Exercise:
The lines below from the one with "ÁøÇà |2026. 01.05" up to and including the one with "MaderoKit je 4-delni" are what you should set down, exactly and without pictures.
* * * * * * *
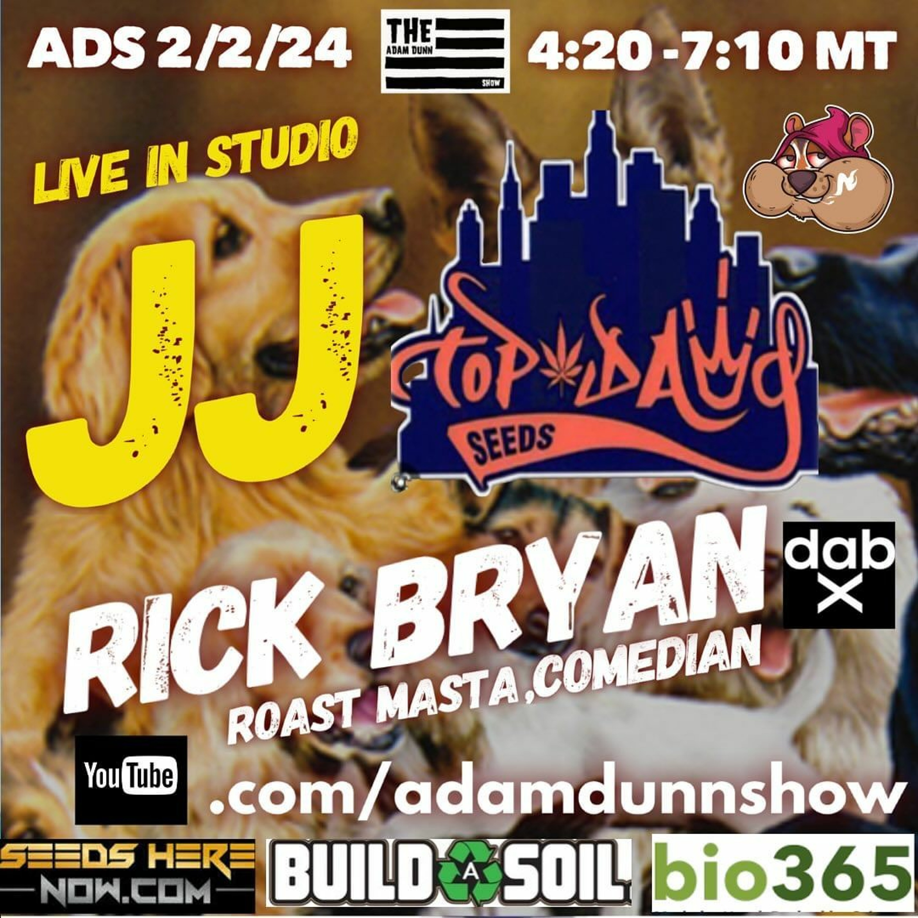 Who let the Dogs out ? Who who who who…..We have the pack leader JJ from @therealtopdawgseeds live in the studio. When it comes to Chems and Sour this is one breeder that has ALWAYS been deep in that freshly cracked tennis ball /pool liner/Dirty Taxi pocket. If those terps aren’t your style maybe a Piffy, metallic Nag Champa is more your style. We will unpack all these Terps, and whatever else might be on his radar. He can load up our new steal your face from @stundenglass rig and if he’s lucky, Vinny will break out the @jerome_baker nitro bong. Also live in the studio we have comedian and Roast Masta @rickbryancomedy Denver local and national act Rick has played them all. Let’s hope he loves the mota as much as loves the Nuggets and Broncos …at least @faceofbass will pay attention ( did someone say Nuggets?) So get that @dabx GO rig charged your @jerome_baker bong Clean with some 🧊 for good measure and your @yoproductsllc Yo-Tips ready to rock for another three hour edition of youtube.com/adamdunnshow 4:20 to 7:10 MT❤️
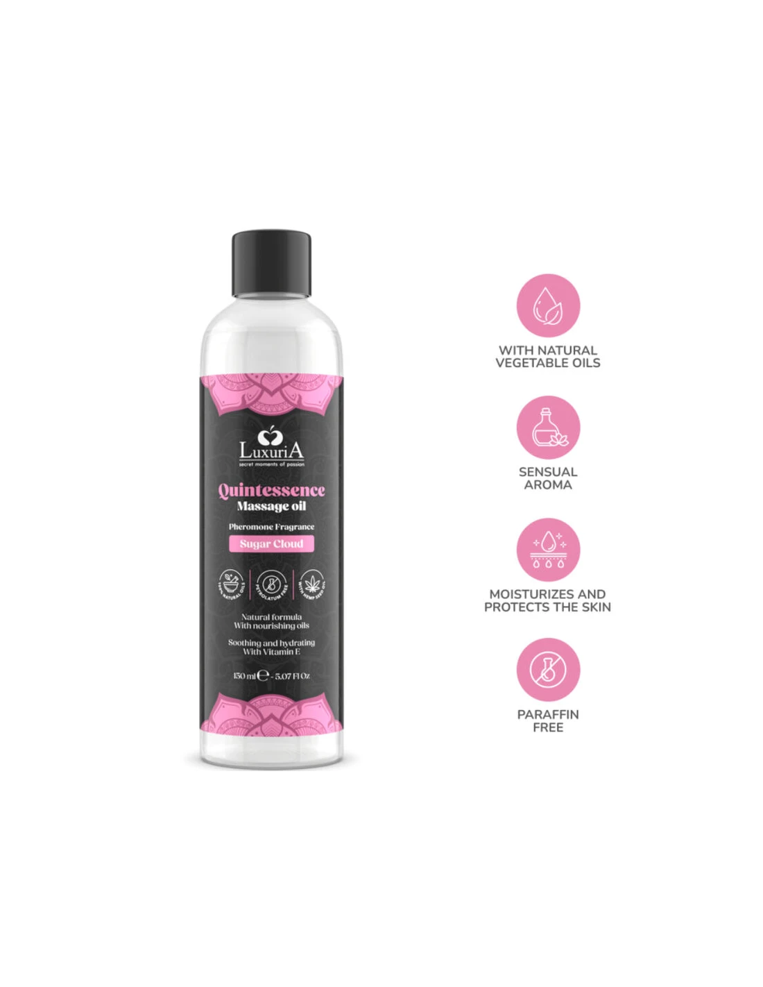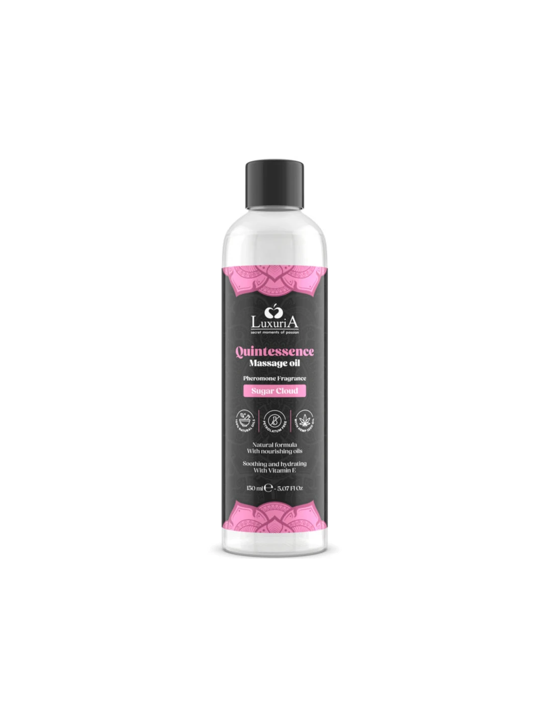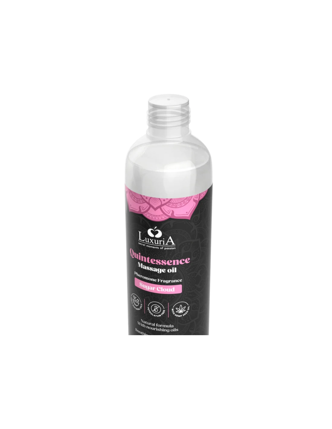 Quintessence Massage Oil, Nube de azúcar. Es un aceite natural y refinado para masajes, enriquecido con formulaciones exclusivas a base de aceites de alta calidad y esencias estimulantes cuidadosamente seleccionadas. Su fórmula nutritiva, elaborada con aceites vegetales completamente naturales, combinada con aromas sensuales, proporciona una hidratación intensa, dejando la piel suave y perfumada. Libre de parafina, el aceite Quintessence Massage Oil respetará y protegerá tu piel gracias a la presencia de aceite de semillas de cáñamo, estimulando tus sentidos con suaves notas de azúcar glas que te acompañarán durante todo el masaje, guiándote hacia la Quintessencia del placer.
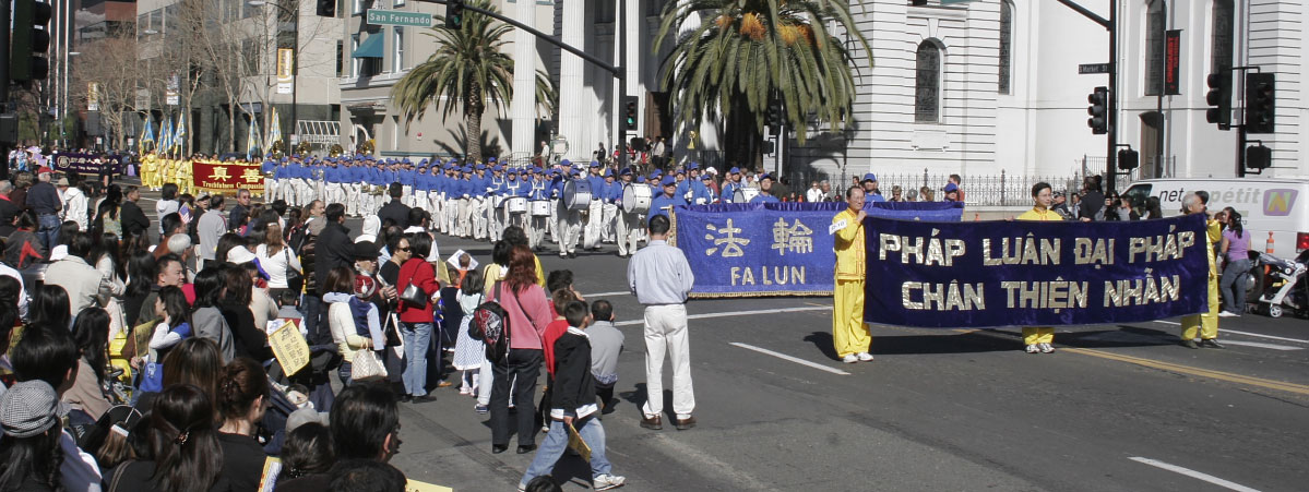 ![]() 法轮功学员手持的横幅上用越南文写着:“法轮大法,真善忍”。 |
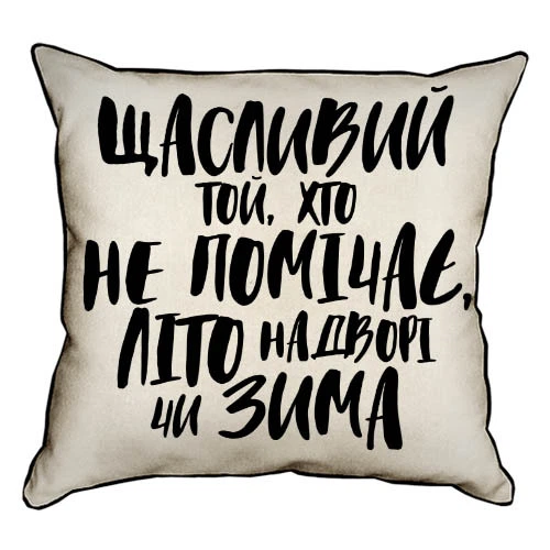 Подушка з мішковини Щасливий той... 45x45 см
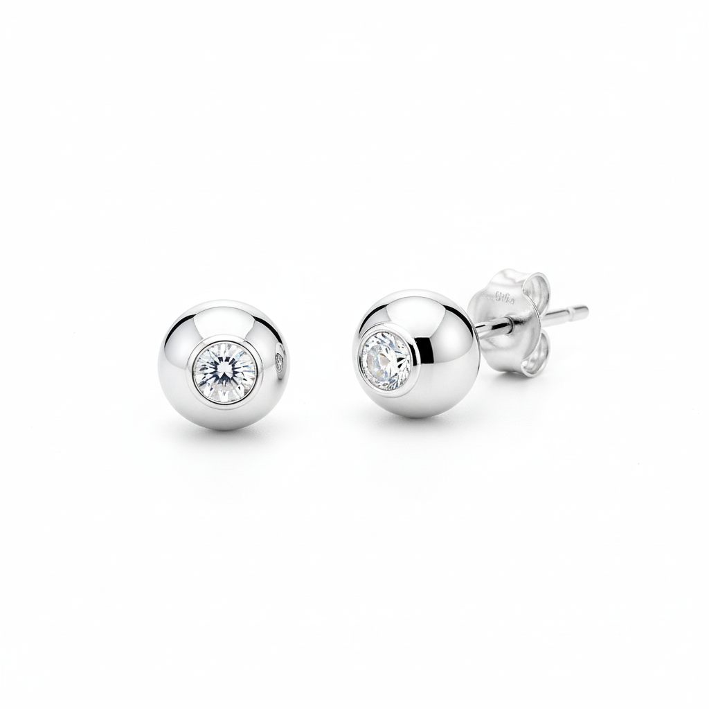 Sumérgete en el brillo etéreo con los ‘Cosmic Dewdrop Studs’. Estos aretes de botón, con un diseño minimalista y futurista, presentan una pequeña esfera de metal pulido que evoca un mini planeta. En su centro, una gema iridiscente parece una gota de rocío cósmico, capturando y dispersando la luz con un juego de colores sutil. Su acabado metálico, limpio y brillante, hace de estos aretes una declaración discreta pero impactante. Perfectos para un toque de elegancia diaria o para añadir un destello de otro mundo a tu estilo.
* * * * * * *
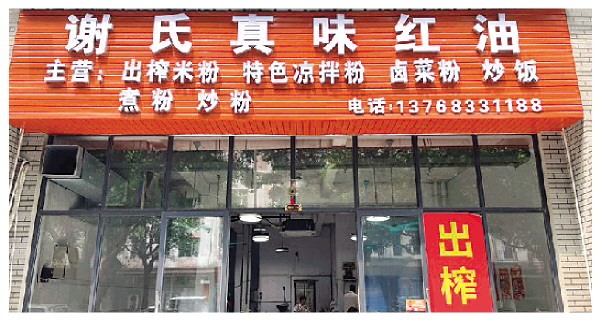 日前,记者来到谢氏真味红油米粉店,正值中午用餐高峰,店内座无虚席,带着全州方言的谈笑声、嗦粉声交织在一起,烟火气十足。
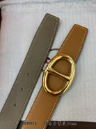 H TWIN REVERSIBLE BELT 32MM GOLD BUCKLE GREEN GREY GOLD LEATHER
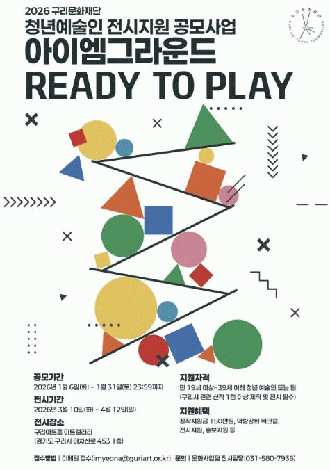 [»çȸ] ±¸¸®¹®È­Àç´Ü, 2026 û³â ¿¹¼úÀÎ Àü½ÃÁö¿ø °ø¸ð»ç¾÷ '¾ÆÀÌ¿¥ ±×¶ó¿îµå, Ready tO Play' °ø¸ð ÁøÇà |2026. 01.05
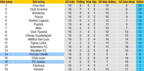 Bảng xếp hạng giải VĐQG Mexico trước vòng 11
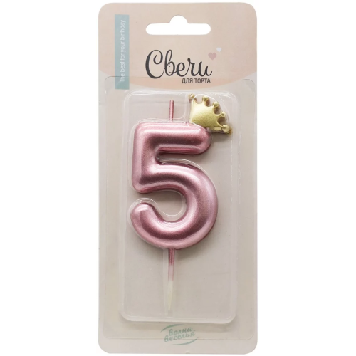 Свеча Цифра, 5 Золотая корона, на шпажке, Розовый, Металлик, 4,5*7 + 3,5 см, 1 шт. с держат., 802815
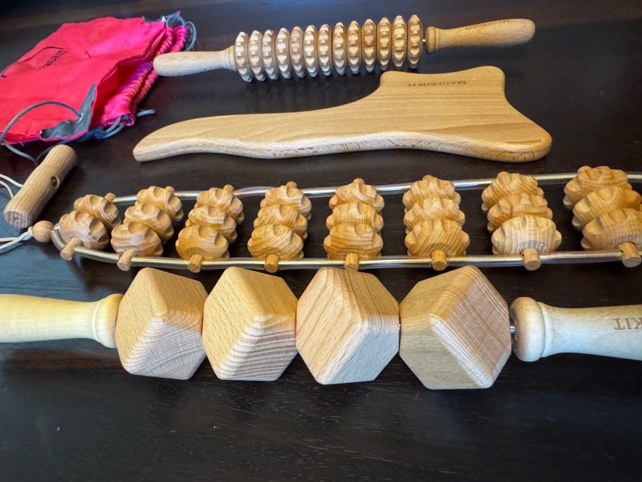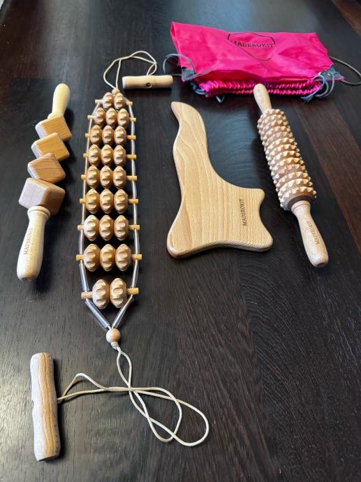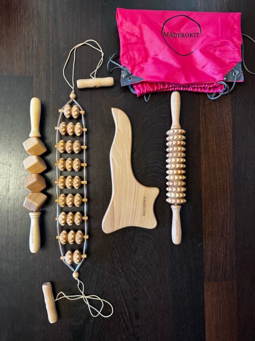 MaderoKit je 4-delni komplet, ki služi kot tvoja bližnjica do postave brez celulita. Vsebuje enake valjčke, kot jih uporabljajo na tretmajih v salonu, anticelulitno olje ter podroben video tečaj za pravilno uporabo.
* * * * * * *
Result of this task:
 [»çȸ] ±¸¸®¹®È­Àç´Ü, 2026 û³â ¿¹¼úÀÎ Àü½ÃÁö¿ø °ø¸ð»ç¾÷ '¾ÆÀÌ¿¥ ±×¶ó¿îµå, Ready tO Play' °ø¸ð ÁøÇà |2026. 01.05
 Bảng xếp hạng giải VĐQG Mexico trước vòng 11
 Свеча Цифра, 5 Золотая корона, на шпажке, Розовый, Металлик, 4,5*7 + 3,5 см, 1 шт. с держат., 802815
 MaderoKit je 4-delni komplet, ki služi kot tvoja bližnjica do postave brez celulita. Vsebuje enake valjčke, kot jih uporabljajo na tretmajih v salonu, anticelulitno olje ter podroben video tečaj za pravilno uporabo.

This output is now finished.